Paylaş
İşin daha kötüsü, Milli Takım ruhunu kaybetmiş. Sanki futbolcuları toplamışsın oynadıkları milli maç değil, angarya bir maç. Daha da kötüsü öyle bir havalardalar ki, zannedersiniz ki İspanya Milli Takımı’nda oynayacaklar ama Türk Milli Takımı onlara ufak geliyor. Çünkü sahadaki hareketleri öyle. Ne geriden orta alana, ne orta alanda geriye en ufak bir bağlantı yok. Bazen göstermelik top yapıyorlar, onlar da ya yana, ya geriye. Öncelikle çabuk çıkamıyoruz. Yan top yaparken de rakip pres yaptı mı, telaşlanıp uzun vuruyoruz. Top aynen duvara vuran tenis topu gibi geri geliyor.

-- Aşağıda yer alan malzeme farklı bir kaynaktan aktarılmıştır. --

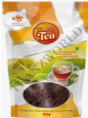
250gm Trans Tea
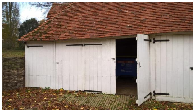
Outbuilding for refuse storage
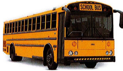
Rear Engine Style
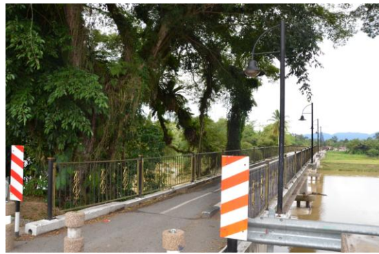
Figure 4: Linear spaces related to Perak river which can be a potential recreational space for the community.
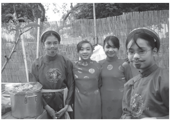
Anh đưa nàng dìa ... vinh
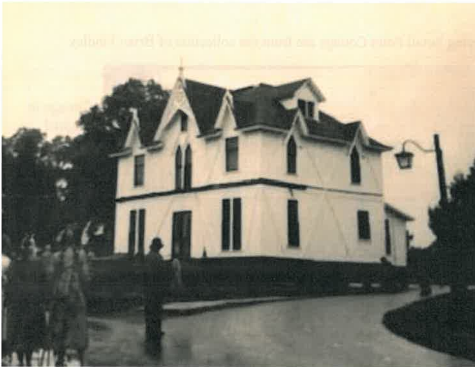
Cottage in process of move.
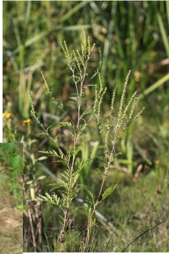
Annual Ragweed ( Ambrosia artemisifolia )
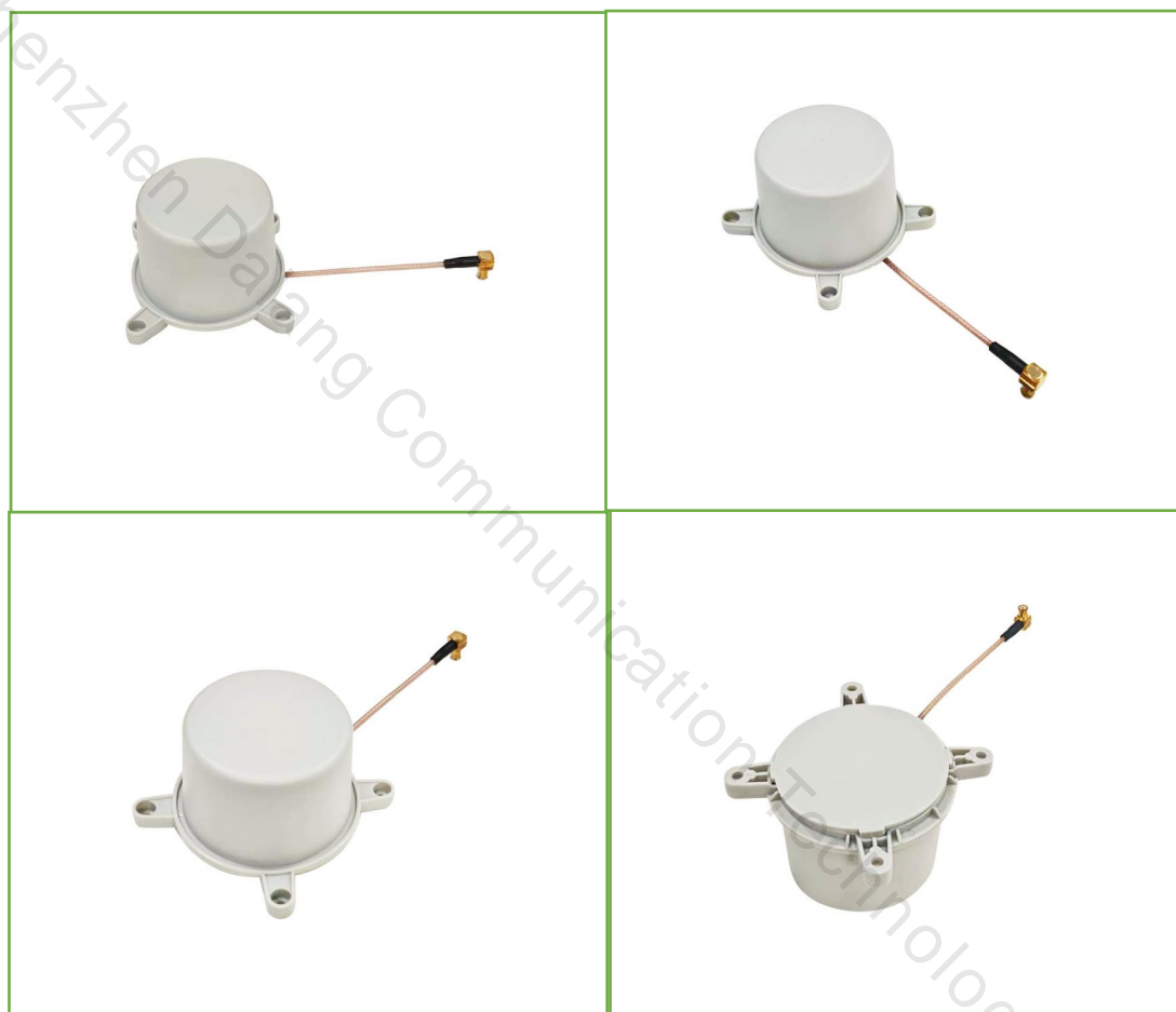
Figure 5 Product Images

In this chapter, we will showcase real-life images of the product, as shown in Figure 5. These images provide a detailed view of our product from various angles and perspectives. We believe that through authentic representation, we can better convey the value and concept of the product, thereby enhancing your trust and satisfaction.
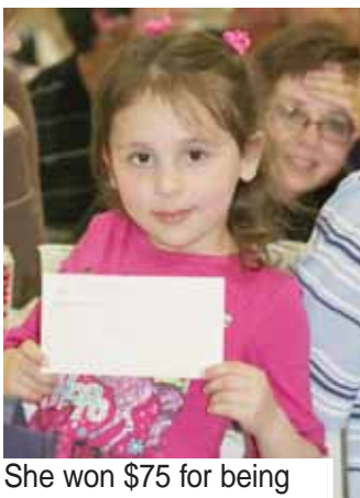
She won $75 for being the youngest electricity consumer in the crowd.
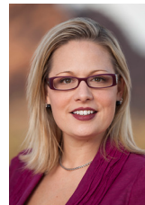
Congressional District 9 US Representative Kyrsten Sinema (D)

2349 Rayburn House Office Bldg. Washington, DC 20515 Tel. (202) 225-2635 207 North Gilbert Rd, Suite 209 Gilbert, AZ 85234 Tel. (480) 699-8239
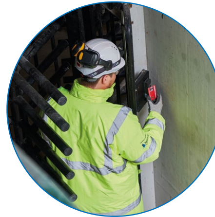
An API for existing site systems
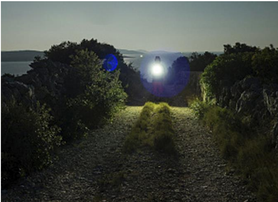
The high-power LED is particularly well suited for use in flashlights and work lights and can extend the day.
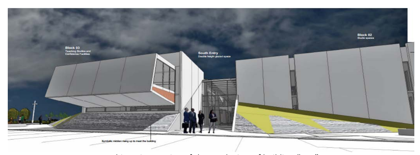
Architect impression of the south view of building "one"
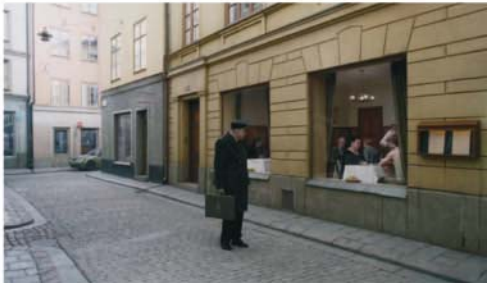
Figures 39–40. A motif taken from Pieter Bruegel the Elder: Hunters in the Snow (1565): birds looking down on humans: a double diorama, boxing in both the birds and the humans as waxwork figures in Andersson's A Pigeon Sat on a Branch Reflecting on Existence .
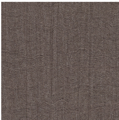
Click for DN2-VNO-24
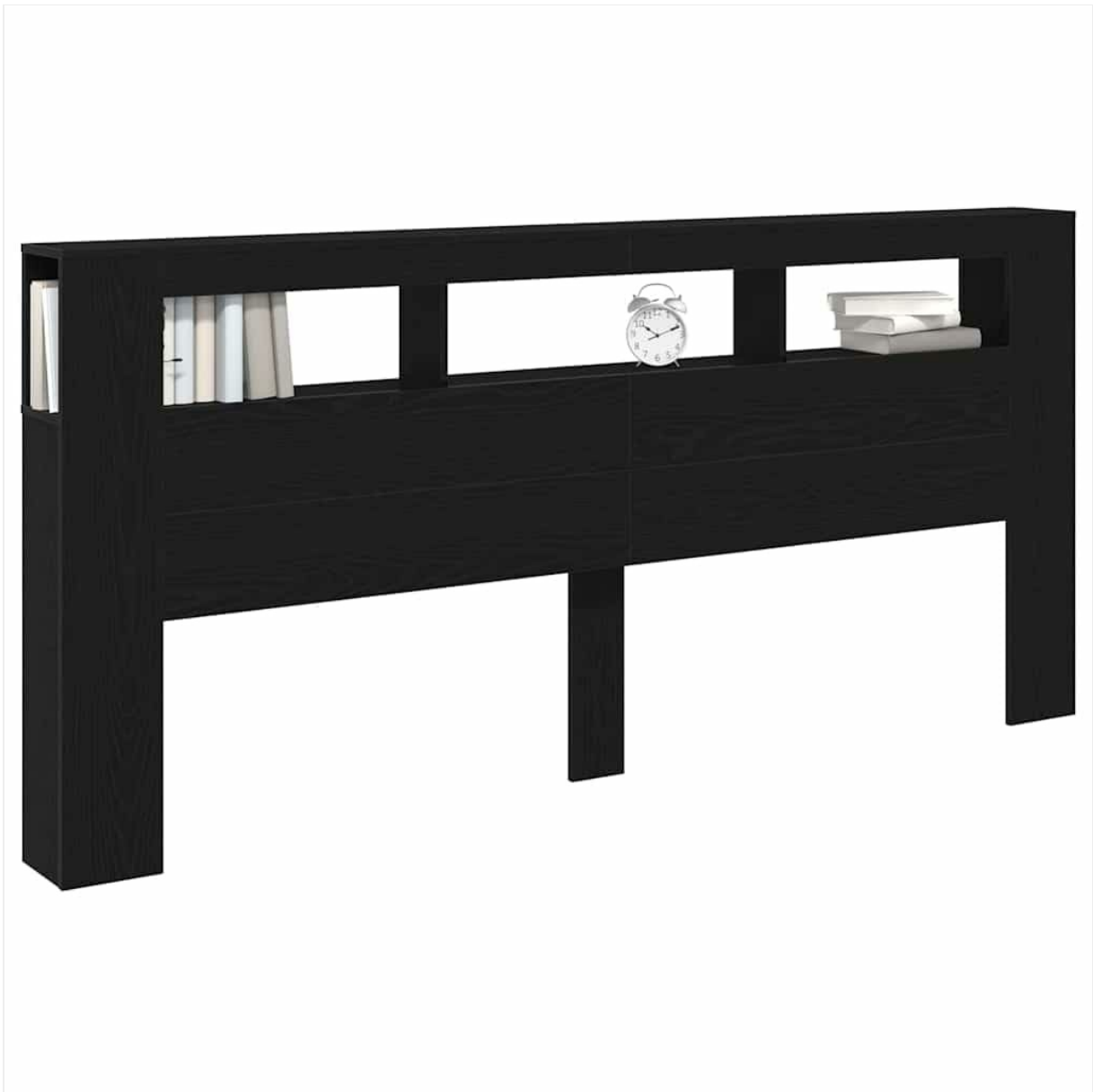
Image 1.1: The vidaXL LED Headboard with integrated shelf in a bedroom setting.
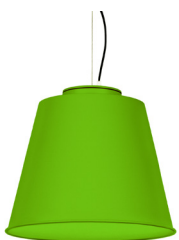
19: RAL 6018 Yellow Green textured
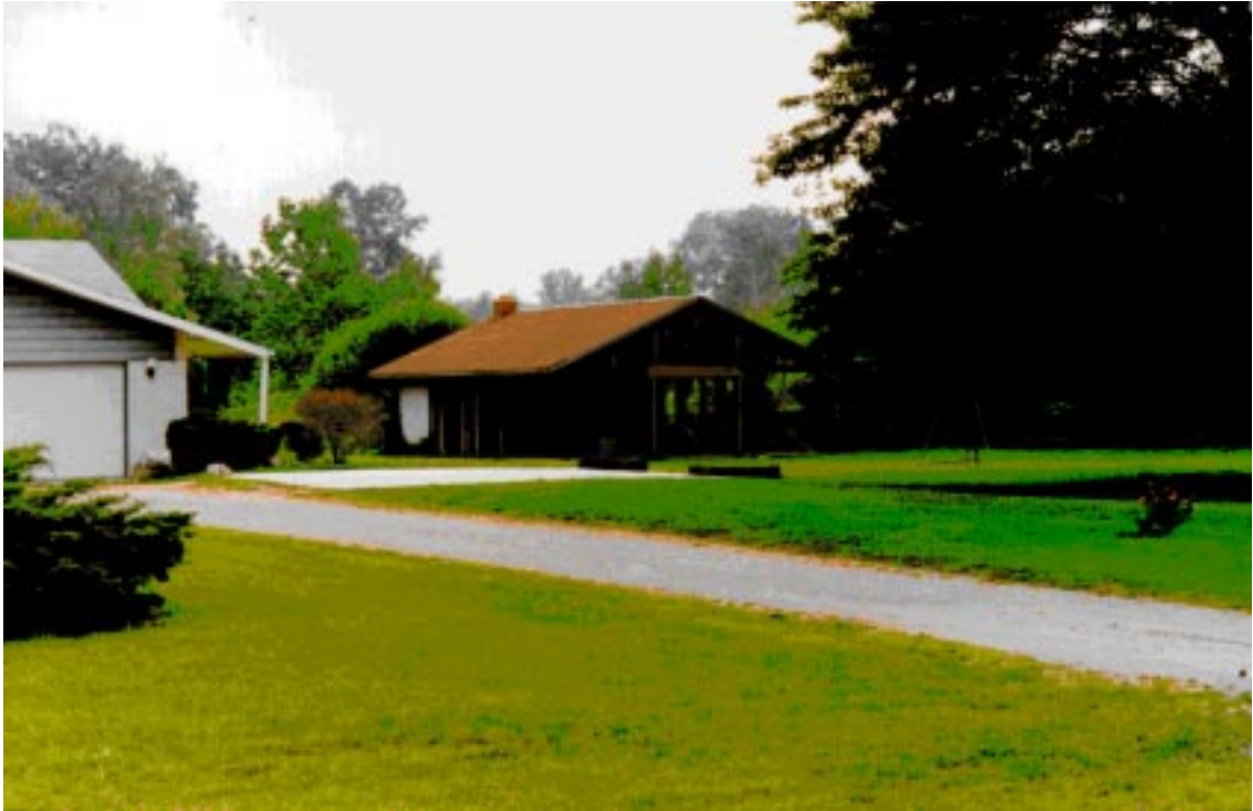
Vacant lot in Ohio used as an address of a day care provider to obtain payments.

Stealing program funds is a monetary loss to USDA, but even more significant is the suffering that children endure because of these disreputable sponsors. For many sponsors, we found little or no help being given to providers in terms of nutritional awareness. In many cases, the stolen program funds directly reduced the money available to purchase food for needy children. We also identified health and safety problems at numerous locations, including unsanitary feeding sites, dangerous "pets" present, and inadequate supervision of children in day care.
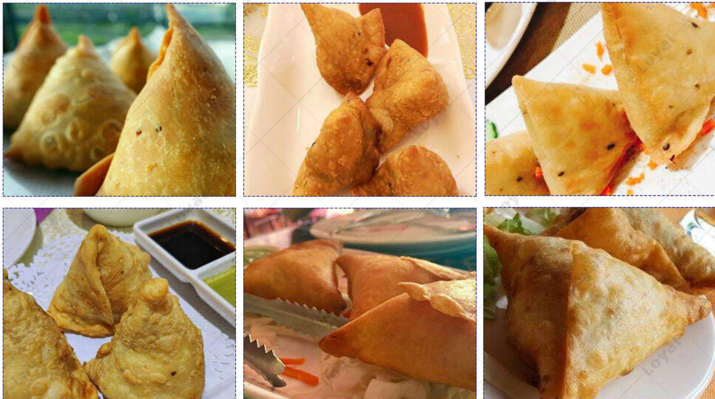
Continuous Fryer Samosa Processing Sample
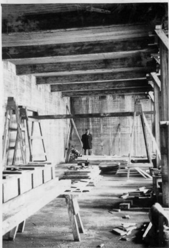
CORBY WORKS SERVICE RESERVOIR 1940 General View.
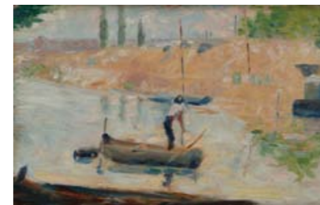
Georges Seurat Man in a Boat

This display explores some of the exceptional new additions to The Courtauld's collection since it moved to Somerset House twenty years ago. Highlights include works ranging from Turner and Constable to Ingres, Degas and Seurat. It will also unveil one of the most important new acquisitions, Joshua Reynolds's late masterpiece Cupid and Psyche .
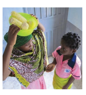
Ask the pairs to role play: Amina asking for corn,
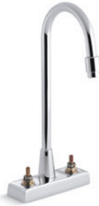
Centerset lavatory faucet base with gooseneck spout
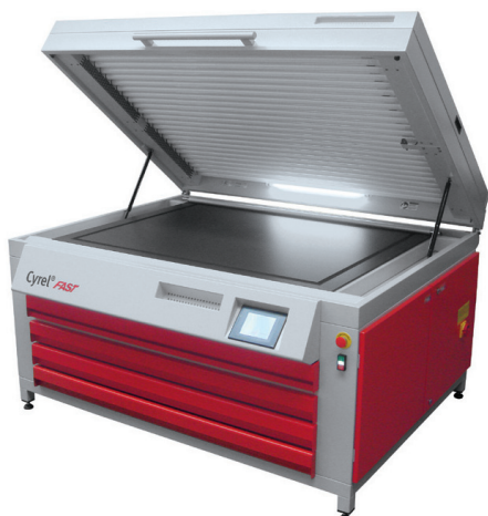
DuPont™ Cyrel® 1000 ECLF

State-of-the-Art Exposure, Light Finisher and Post-Exposure Unit
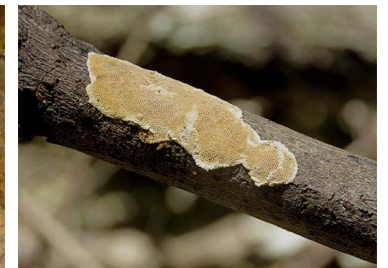
32 Megasporoporia cavernulosa Polyporales, Polyporaceae (B)
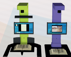
EXAMPLES OF TABLE TOP CONFIGURATION, TO BE INSTALLED ON YOUR OWN TABLE
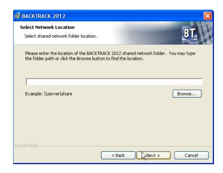
Figure 2-6 Select Network Folder Location

5 On the Select Network Location window, type the full UNC path located in the shared network folder:
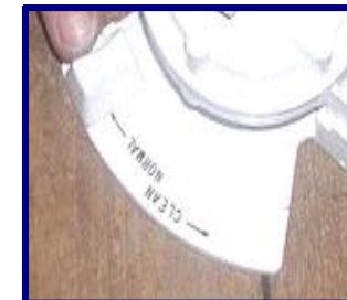
15. Open check valve. (For CASK cleaning)
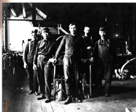
Oldsmobile factory workers in the radiator department, circa 1907-1908.

After fire destroyed the new Olds Motor Works plant in Detroit on March 9, 1901, the Lansing Business Men's Association offered Olds land originally acquired in hopes of permanently hosting the State Fair. He took it. His new plant produced only the curved dash runabout, the first car to be called "Oldsmobile." Ransom Olds left the company in 1904, and General Motors acquired it in 1908. The runabout gave way to new models, and Lansing produced Oldsmobiles until 2001.
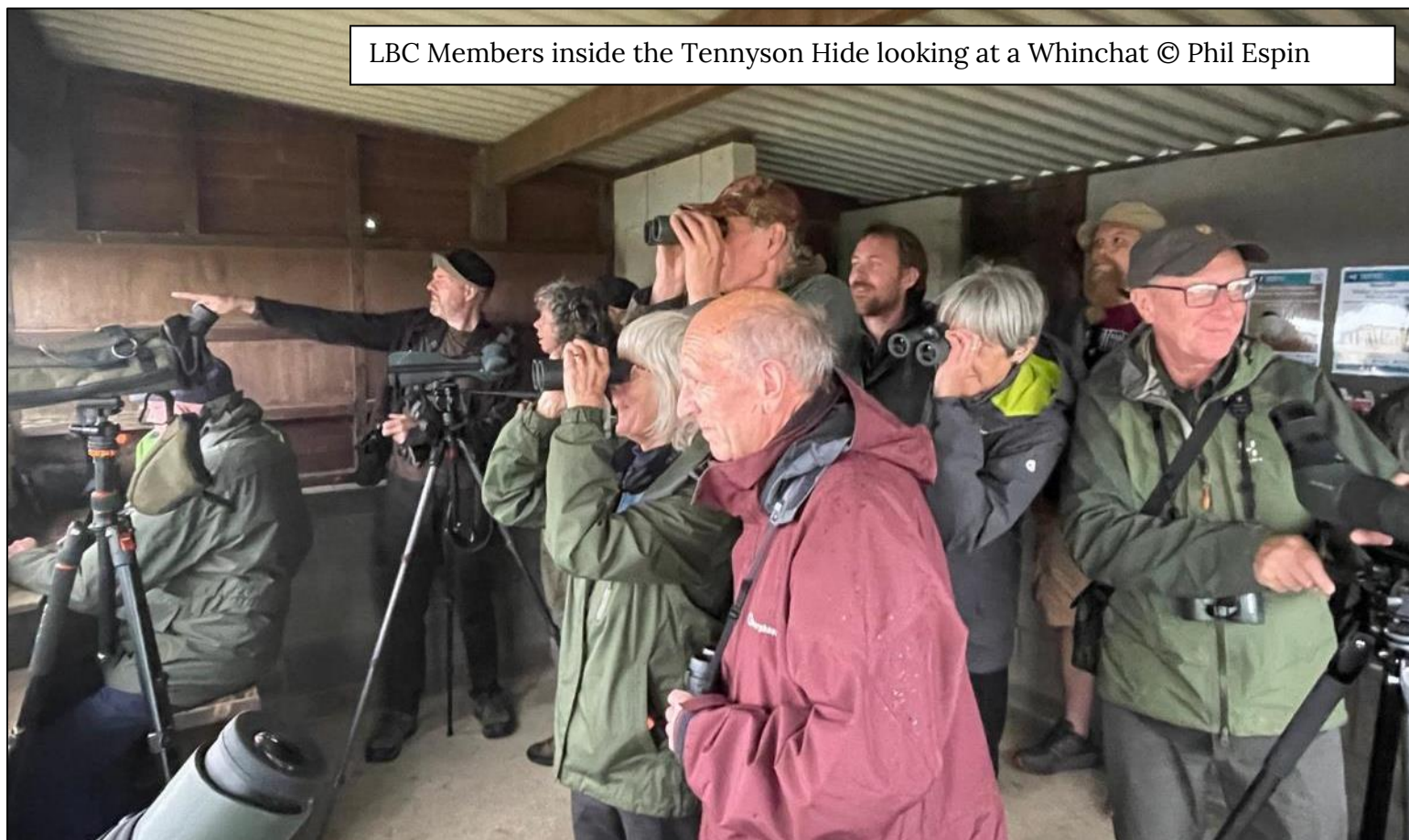
LBC Members inside the Tennyson Hide looking at a Whinchat

The sea stretches to the horizon Separated from us by creeks and marsh. Far away shapes; gannets, fulmars, shearwaters Swiftly moving dots over grey dawn sea. From the marsh the lonely call of the redshank Piercing the laughing chatter of jackdaws. Beautiful place not seen by me for 30 years; The same yet also unfamiliar. People I knew there no longer remembered; The old field station swept away in a high tide. Yet it is still here, still remembered, like a homecoming I immerse myself in its dawn to dusk, Happy among the flocks of waders, the solitary water rail, Happy among the green-clad birdwatchers sharing their sightings A camaraderie of expertise and free spirit Through their shared love of the wild.

Bir tane doğru dürüst akın yaptık. Onda da gol attık. Adamlar üzerimize dalga dalga geldiler. Son yarım saat sahadaki Milli Takım da, tribündeki seyirci de, maç berabere bitsin diye dua etmeye başladı. Top, Emre’ye geldiği zaman birşeyler yapmaya çalıştı o kadar. Kazım, ilerde yalnız adamı oynadı. Yanına giden yok. Burak birşeyler yapmak için çabaladı. Olmadı. Anlayacağınız herkes ayrı telden çaldı. Bu beraberlik, bu oyuna göre bence fazla.
Hakemden de kötüydük
Hiddink’le nasıl anlaşıldı bilemem ama eğer aldığı paranın karşılığında bunu veriyorsa, bence Hiddink’te fazla ısrar etmeye gerek yok. Zaten bu maçtan önce konuşmalarıyla ve davranışlarıyla, hem seyirciyi hem de futbolcuları oyundan düşürdü. Hiddink’in bence alınması yanlıştı. Çünkü Hiddink uzun vade hocası değil. Daldan dala uçup, kısa vadede başarı kovalayan bir hoca tipi. Şansı yaver gidip, bu kötü oyunla finallere gidersek, herhalde kalır. Tersinde bırakıp gider. Sırtında yumurta küfesi yok. Hakem iyi değildi. Kötü bir yönetim sergiledi. Ama bir gerçek var. Bizim takım, hakemden de kötüydü.
BEĞENDiM
Seyircinin 90 dakika takımını ateşleme isteğini.
BEĞENMEDiM
Milli Takım futbolcularının yardımlaşmamalarını.
DİKKAT
Milliler maçı önemsememiş, böyle oynamaya devam ederlerse işimiz zor.